The sample question I always use in preparing a client to be deposed is, “Do you remember what day the planes crashed into the Twin Towers in New York City?” When your client answers, as she inevitably will, “September 11, 2001,” shake your head. “Too much information,” you warn. “Listen to the question again.” No matter how many tries it takes, allow her to come to the realization by herself that the question is not “What day?” but “Do you remember?” There are only two possible correct answers to the question posed, and they are “Yes” or “No.”

Listen to the question. In general, at deposition, your client should limit her answers in the following manner:

  • Concisely answer all questions in “yes” or “no” form, if possible, without providing further unnecessary explanation.
  • If deposing counsel asks an open-ended question or seeks further explanation, keep answers as concise as possible by providing the shortest possible truthful answer to the question.
  • Responses such as, “I don’t know” or “I don’t remember” are perfectly acceptable and infinitely better than attempting to be responsive through guessing or speculation. A witness should never be allowed to guess or speculate about anything. Never. Ever.

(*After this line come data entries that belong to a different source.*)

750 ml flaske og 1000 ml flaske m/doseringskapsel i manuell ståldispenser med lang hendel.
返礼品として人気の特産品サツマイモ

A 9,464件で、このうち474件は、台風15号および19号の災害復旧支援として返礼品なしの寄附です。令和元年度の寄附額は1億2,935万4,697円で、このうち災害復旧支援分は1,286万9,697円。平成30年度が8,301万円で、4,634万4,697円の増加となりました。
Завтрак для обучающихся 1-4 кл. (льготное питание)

  • “I don’t understand your question” is the only acceptable response to a vague, ambiguous, or poorly phrased question.

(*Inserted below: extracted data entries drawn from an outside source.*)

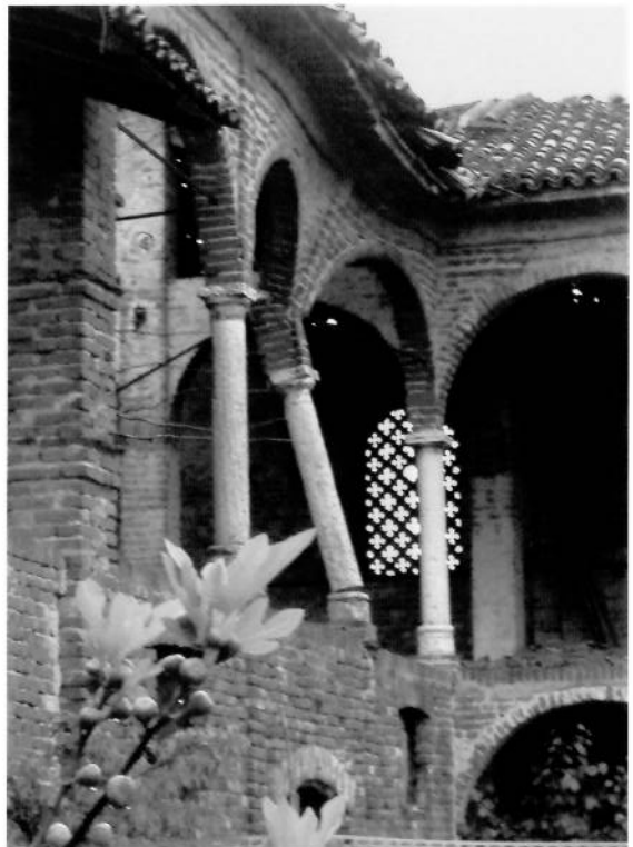
Persico Dosimo, Cascina Acqualunga.

Il castello di Romanengo racconta l'allargarsi deciso dell'influenza della città sul contado nel periodo che comprende quel lungo processo di trasformazione che dal comune porta alle signorie ed infine agli stati regionali. In quello di Padernello è evidente un fenomeno molto frequente nel secolo XV, ossia la trasformazione da fortezza a residenza di campagna. La chiesa di San Pietro a Gazzuolo, "Pantheon" dei Gonzaga di Gazzuolo, probabilmente fondata dalla regina longobarda Ansa, contiene la tomba della famiglia Pico della Mirandola, vissuta qui. Palazzo Fenaroli, Villa Grassetti e Villa
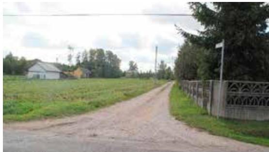
Jest już projekt na budowę tej drogi
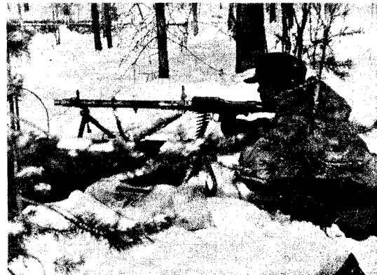
Norsk skjeger i Karelen. I såkalt «lurestilling» med MG 34 (Maschienengewehr 1934). Det var på alle måter en tøff opplevelse særlig når gradestokken sank mot førti grader.

riksarkivet, Hjemmefrontmuseet i Oslo, det tyske militærarkiv i Freiburg, krigsarkivet i Helsingfors og ved det russiske vitenskapsakademiet i Petrosavodsk. A.J.

Remember that you may instruct your client not to answer a question only when it calls for privileged or, in certain jurisdictions, private information. Unless I absolutely must, I don’t engage in “cleanup.” I don’t ask follow-up questions that might elicit a new fact or even to explain prior answers unless I absolutely must to avoid leaving a mistaken or misleading answer on the record.

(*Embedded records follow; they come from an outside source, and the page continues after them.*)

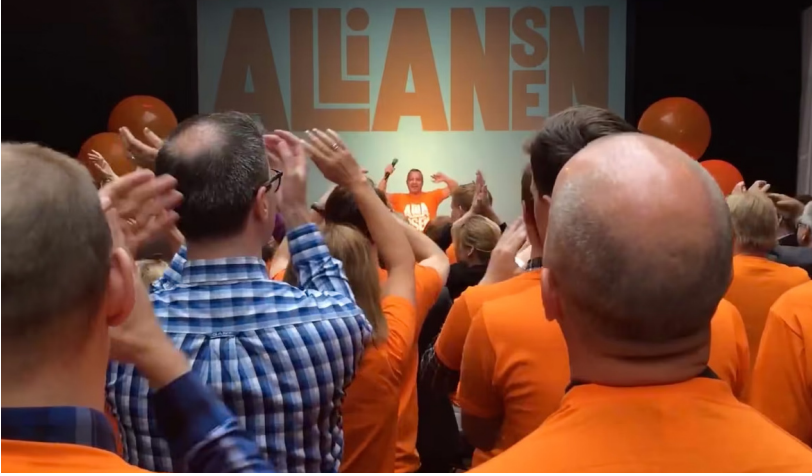
Den mimetiska krisen var närmast total på alliansens valkickoff 2014.
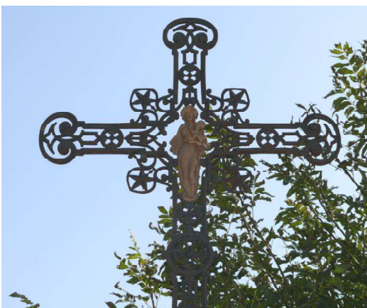
Détail de la croix de La Palisse
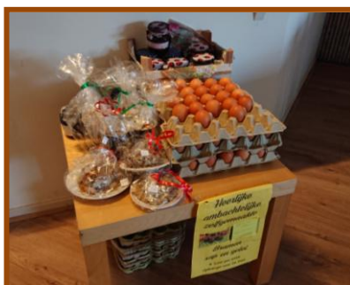
Verkoop eieren en vogelvoerborstjes

Follow the Golden Rule. No matter what, remember to play well with others. You can never go wrong by exercising cooperation and plain old common courtesy. But be sure to make your record and stick to your guns when appropriate and necessary for your client. If discovery disputes arise and become contentious, keep in mind that the more faithfully you conduct yourself in a collected and professional manner, the better.